What you need to do: All that is wanted is the exact text of the lines below from the one with "İl Jandarma Komutanlığı" through the one with "Forgot Your Phone", inclusive, minus any pictures.

___ Data supplied ___

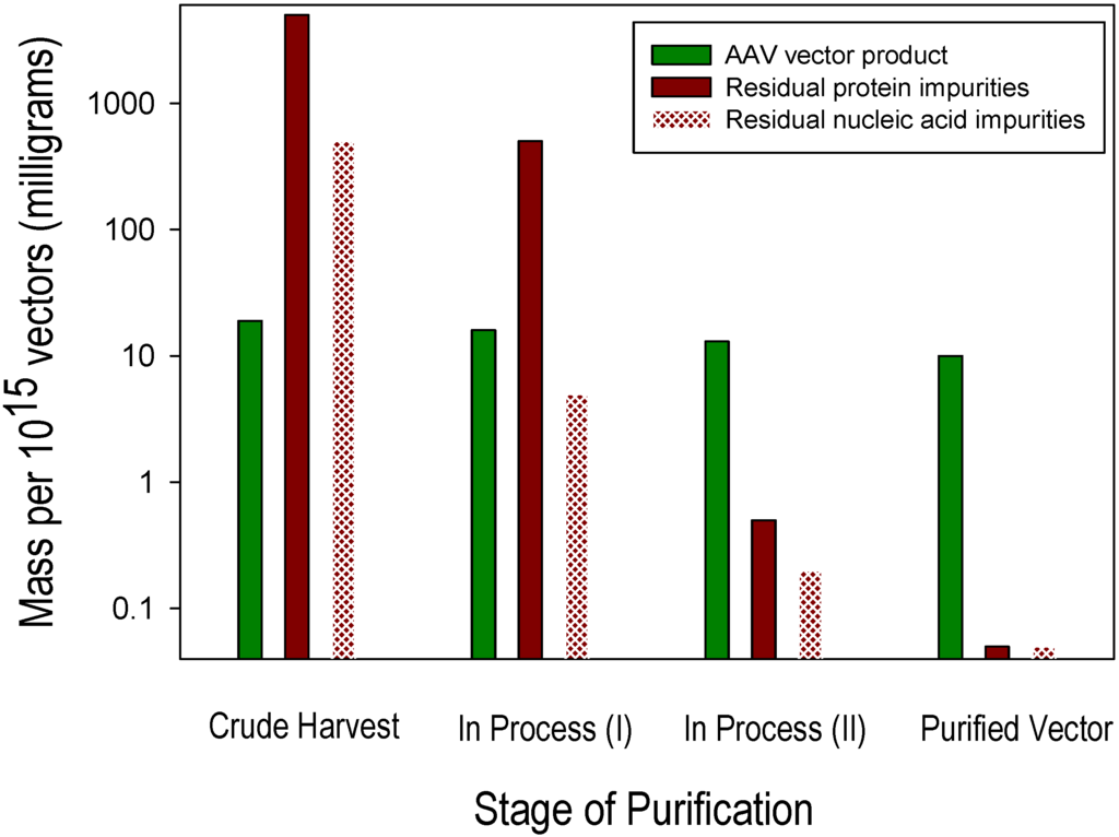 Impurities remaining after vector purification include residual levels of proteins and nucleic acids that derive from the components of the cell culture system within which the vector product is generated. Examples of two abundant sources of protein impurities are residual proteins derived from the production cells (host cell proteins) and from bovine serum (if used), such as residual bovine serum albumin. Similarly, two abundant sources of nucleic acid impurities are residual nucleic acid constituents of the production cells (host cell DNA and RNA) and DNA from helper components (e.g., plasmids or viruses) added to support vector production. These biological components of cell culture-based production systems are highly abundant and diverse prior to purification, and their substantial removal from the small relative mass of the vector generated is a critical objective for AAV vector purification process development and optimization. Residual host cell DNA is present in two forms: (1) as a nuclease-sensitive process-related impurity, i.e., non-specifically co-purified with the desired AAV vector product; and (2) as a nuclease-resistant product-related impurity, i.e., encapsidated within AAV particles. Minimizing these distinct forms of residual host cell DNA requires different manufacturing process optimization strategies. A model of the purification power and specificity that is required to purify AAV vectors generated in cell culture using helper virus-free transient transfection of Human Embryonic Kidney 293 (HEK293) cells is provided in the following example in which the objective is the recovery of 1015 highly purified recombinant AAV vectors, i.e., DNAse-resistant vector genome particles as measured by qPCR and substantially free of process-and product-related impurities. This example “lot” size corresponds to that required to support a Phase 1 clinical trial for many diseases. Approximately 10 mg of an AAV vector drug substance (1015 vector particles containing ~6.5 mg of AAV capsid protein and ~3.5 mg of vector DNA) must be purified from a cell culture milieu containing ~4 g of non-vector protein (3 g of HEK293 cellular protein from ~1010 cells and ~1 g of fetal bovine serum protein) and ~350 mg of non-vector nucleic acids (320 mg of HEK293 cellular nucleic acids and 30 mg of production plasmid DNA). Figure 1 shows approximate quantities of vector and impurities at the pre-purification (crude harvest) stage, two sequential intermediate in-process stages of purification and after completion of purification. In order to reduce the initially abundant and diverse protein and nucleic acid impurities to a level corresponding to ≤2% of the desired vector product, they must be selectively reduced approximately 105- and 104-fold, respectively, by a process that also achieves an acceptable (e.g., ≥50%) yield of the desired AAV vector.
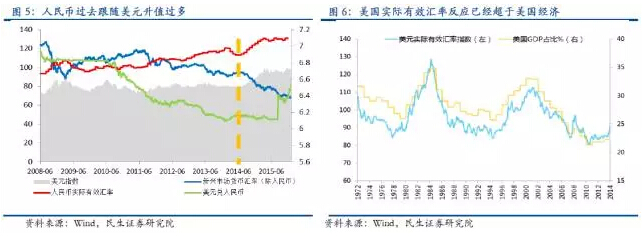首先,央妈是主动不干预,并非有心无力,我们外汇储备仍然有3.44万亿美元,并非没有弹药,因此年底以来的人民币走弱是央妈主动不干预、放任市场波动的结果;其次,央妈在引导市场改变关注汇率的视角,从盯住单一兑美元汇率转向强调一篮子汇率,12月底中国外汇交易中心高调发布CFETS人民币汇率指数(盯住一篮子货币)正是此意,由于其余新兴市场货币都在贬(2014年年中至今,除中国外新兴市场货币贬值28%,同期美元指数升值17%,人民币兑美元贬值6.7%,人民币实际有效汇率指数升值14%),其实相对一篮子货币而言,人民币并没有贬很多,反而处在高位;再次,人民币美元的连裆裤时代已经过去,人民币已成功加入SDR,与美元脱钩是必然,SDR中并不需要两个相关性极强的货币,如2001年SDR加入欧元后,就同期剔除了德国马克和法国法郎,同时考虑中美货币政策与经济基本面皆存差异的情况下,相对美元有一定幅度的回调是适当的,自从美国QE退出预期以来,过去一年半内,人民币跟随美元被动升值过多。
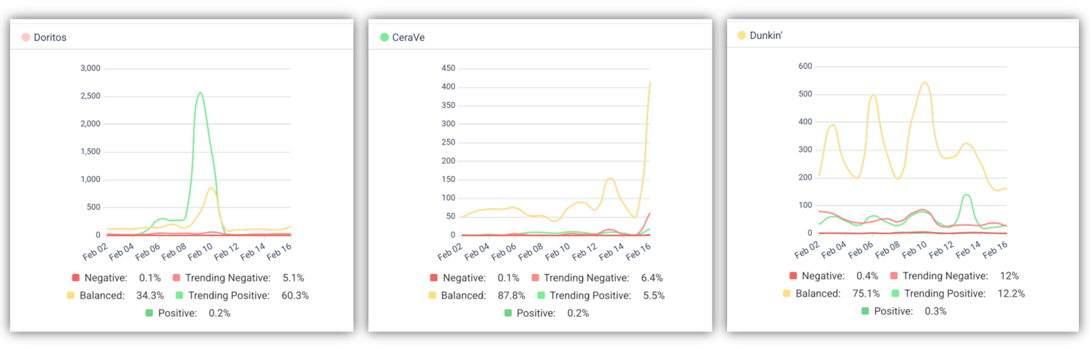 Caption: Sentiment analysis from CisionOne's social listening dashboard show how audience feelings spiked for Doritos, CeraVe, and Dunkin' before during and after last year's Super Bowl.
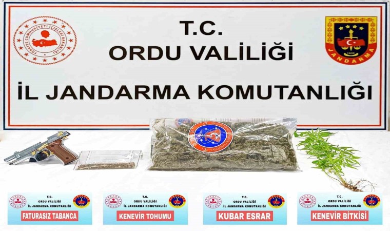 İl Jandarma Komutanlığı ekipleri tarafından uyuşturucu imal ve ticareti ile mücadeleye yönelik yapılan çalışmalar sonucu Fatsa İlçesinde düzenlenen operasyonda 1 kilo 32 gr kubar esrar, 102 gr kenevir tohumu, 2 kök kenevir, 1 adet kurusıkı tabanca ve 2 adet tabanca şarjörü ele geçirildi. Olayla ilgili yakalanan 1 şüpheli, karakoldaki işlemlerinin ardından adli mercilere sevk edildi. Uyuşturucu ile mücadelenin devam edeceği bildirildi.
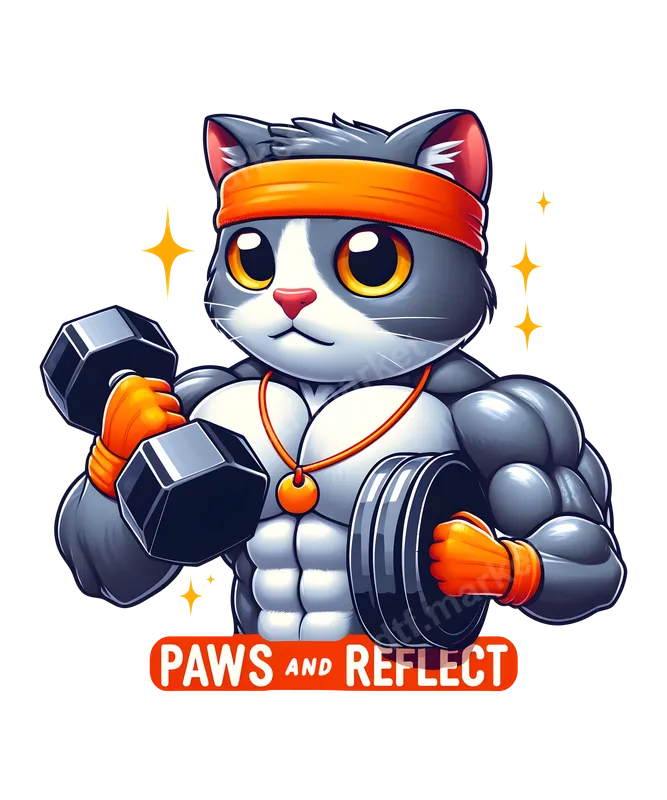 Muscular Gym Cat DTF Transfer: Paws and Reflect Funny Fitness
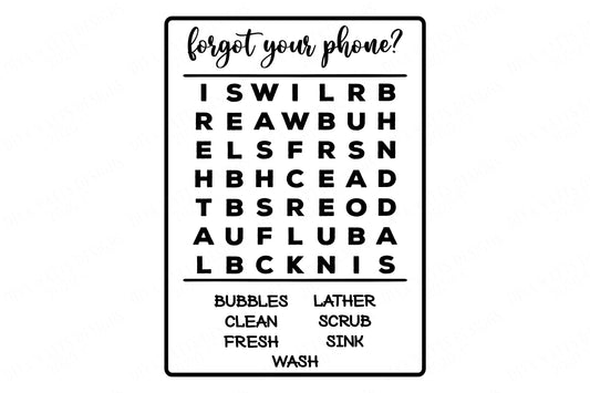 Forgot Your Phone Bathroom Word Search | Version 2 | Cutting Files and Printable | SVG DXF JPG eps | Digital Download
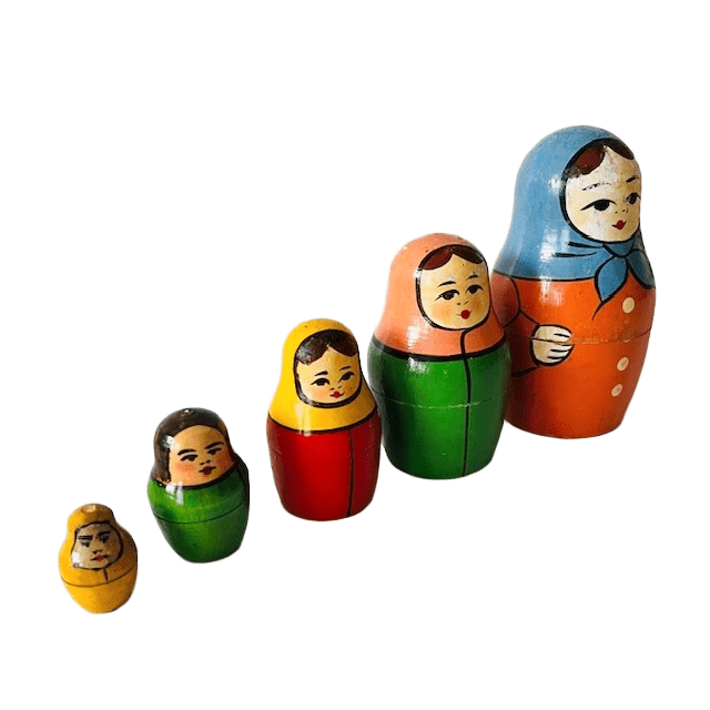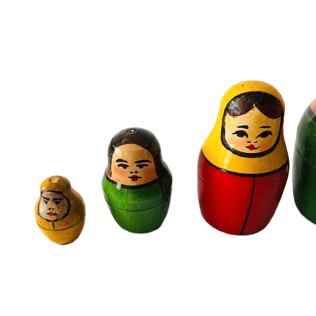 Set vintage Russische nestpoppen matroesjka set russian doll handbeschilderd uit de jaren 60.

___

Written answer:
 İl Jandarma Komutanlığı ekipleri tarafından uyuşturucu imal ve ticareti ile mücadeleye yönelik yapılan çalışmalar sonucu Fatsa İlçesinde düzenlenen operasyonda 1 kilo 32 gr kubar esrar, 102 gr kenevir tohumu, 2 kök kenevir, 1 adet kurusıkı tabanca ve 2 adet tabanca şarjörü ele geçirildi. Olayla ilgili yakalanan 1 şüpheli, karakoldaki işlemlerinin ardından adli mercilere sevk edildi. Uyuşturucu ile mücadelenin devam edeceği bildirildi.
 Muscular Gym Cat DTF Transfer: Paws and Reflect Funny Fitness
 Forgot Your Phone Bathroom Word Search | Version 2 | Cutting Files and Printable | SVG DXF JPG eps | Digital Download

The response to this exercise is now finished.